POJOKOPINI.COM — Sudah hampir 2 bulan Indonesia menerapkan new normal di tengah pandemi, namun tidak ada tanda-tanda penurunan kasus positif virus Corona. Justru semakin hari peningkatan jumlah pasien positif Covid-19 semakin bertambah. Terhitung per tanggal 18 Juli 2020, kasus virus Corona di Indonesia sudah mencapai 84.882 dengan penambahan kasus positif sebesar 1.752 kasus (detiknews.com 18/7/20).

Menurut juru bicara pemerintah untuk penanganan Covid-19, Achmad Yurianto menyatakan sebagian besar penambahan kasus positif virus Corona yang baru ditemukan kebanyakan berstatus sebagai OTG (Orang Tanpa Gejala). Yurianto juga menyebutkan pasien dengan status OTG sama sekali tidak merasakan keluhan dan tidak merasakan sakit apapun, meski sudah dinyatakan positif Covid-19. Yurianto pun menyatakan beban Rumah Sakit jadi tidak terdampak sampai saat ini meski kasus baru positif Covid-19 mengalami peningkatan (cnnindonesia.com 12/7/20).

Sebagaimana kasus ribuan siswa-siswi dari Sekolah Calon Perwira Angkatan Darat (Secapa AD) yang dinyatakan positif virus Corona, rata-rata merupakan pasien dengan kategori OTG (Orang Tanpa Gejala) yang memiliki usia muda atau generasi millenial. Anggota Tim Pakar Gugus Tugas Percepatan Penanganan Covid-19, Budi Santoso juga mengatakan bahwa kebanyakan anak muda tidak merasakan bahwa dirinya pembawa virus Corona, yang dapat menularkan kepada orang lain (idntimes.com 12/7/20).

Melihat kondisi tersebut muncul kekhawatiran di tengah masyarakat terhadap penyebaran virus Corona dari OTG ini, mengingat sampai saat ini masih dilaksanakannya pelonggaran PSBB yang terjadi hampir di seluruh kabupaten/kota di Indonesia.

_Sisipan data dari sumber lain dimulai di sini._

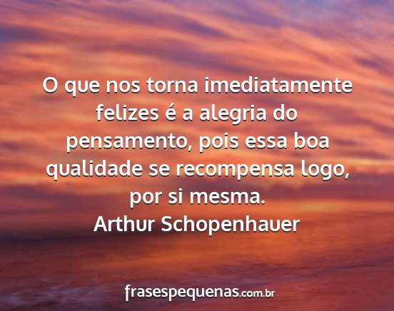O que nos torna imediatamente felizes é a alegria do pensamento, pois essa boa qualidade se recompensa logo, por si mesma.Arthur Schopenhauer

Hal tersebut seharusnya sudah menjadi perhatian negara untuk melakukan pengetatan protokol Covid-19. Negara juga semestinya tidak menganggap sepele kasus OTG dengan alasan tidak membebani RS, karena OTG terutama dari kalangan milenial di masa pelonggaran PSBB ini bisa saja menjadi sumber ledakan baru bagi penambahan kasus positif virus Corona.

Dikutip dari tirto.id (10/7/20) World Health Organization (WHO) kembali memperbarui, ringkasan ilmiah Transmisi SARS-CoV-2 yang diterbitkan sejak 29 Maret 2020 lalu. Isinya terkait, Covid-19 bisa menular melalui udara (airborne) dan pola pencegahannya. Sebelumnya, 239 ilmuwan dari beragam negara mendapati, virus Corona bisa menular melalui udara.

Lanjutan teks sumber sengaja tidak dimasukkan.